Saturday was spend at Gold Coast – Party. The word itself brought to mind noisy, half - naked revellers; it suggested the kind of empty frivolity and moral laxity of which I had been brought up to disapprove. It was my going away; I don’t know when I will see those faces again. Driving back Sunday afternoon, still hung-over and starving couldn’t help but think ‘if only’. Somewhere, in me with the ‘detachment is the key’ formula – kept thinking, if only, I had behaved, if only, I had realised the important things in life before loosing them – maybe, maybe – Miss West would still have been in my life. Excuses for the self-pitying bastard. Heading to Bombay next week – scared, excited, apprehensive, and eager all the emotions possible.

My old French friend – Sebastian, had once mentioned how India helped him become serious. One of the greatest things for him about coming to India had been, knowing about poverty and pain and suffering, and realizing that there is a whole world outside where people don’t even have the basic things in life. I mean, people keep seeing all those things on television, you know, those starving kids in Africa, but somehow one never gets close enough to really feel it. It doesn’t register much. It’s just out there on a map and you never really care as much as one should. And then you see it face to face and, boy, it knocks you out. Not many people get the chance to experience all this. In West, people are kind of trying to forget what pain and suffering are…keep…covers…only…real life…winners and losers…this…machismo…makes…pathetic failures. I mean spiritually, because one doesn’t allow oneself to suffer, experience pain.

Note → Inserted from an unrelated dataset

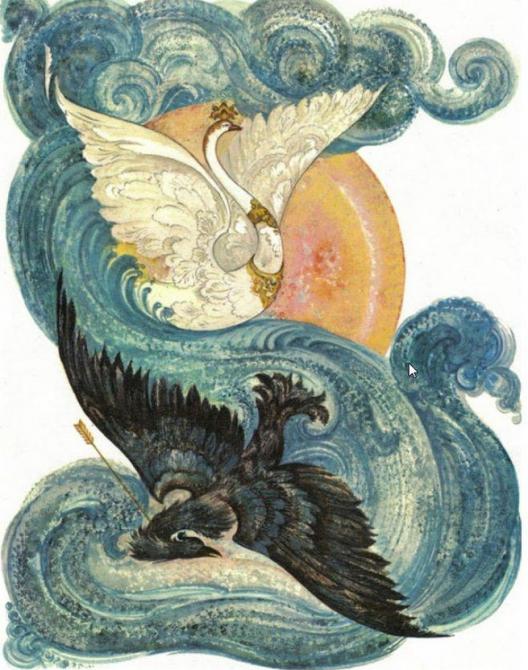 Царевна лебедь — персонаж волшебной басни А.С. Пушкина «Притча о короле Салтане». Героиня наделена благой и отзывчивой душой. Фото картинки из басни ниже.

In the months and years, since I met Miss West following the first evening, I was to see her in every mood and posture, in every kind of dress and at different times of the day; such rapt gazing as mine would leave a wealth of memorable images in my mind. But it is the picture of her sitting up very straight on her balcony, abstractedly plucking nibbles, the light from the city lights bathing her clear unblemished face in a golden glow that has stayed most vividly with me, and is the central force that illuminates her in my memory.

As I prepare myself to leave this city, a thin crimson – edged mist hangs over the river when I walk out of the house. The alleys leading to the main road is empty, the houses sunk in a blue haze, still untouched by the sun, which had already begun tentatively to probe the facades of the houses lining the river. I found my paradise and despair in this city. Morals, beliefs, principles were formed, tested, broken here. Mates made and lost, with Miss West beside me – I had a sense of serenity. Life, couldn’t touch me – was impregnable. Now I stare at the emptiness, isn’t this the déjà vu I have already experienced when I left Bombay, maybe just a degree more difficult and painful. Am heading back to Bombay, to find peace in all the carnage – oxymoron.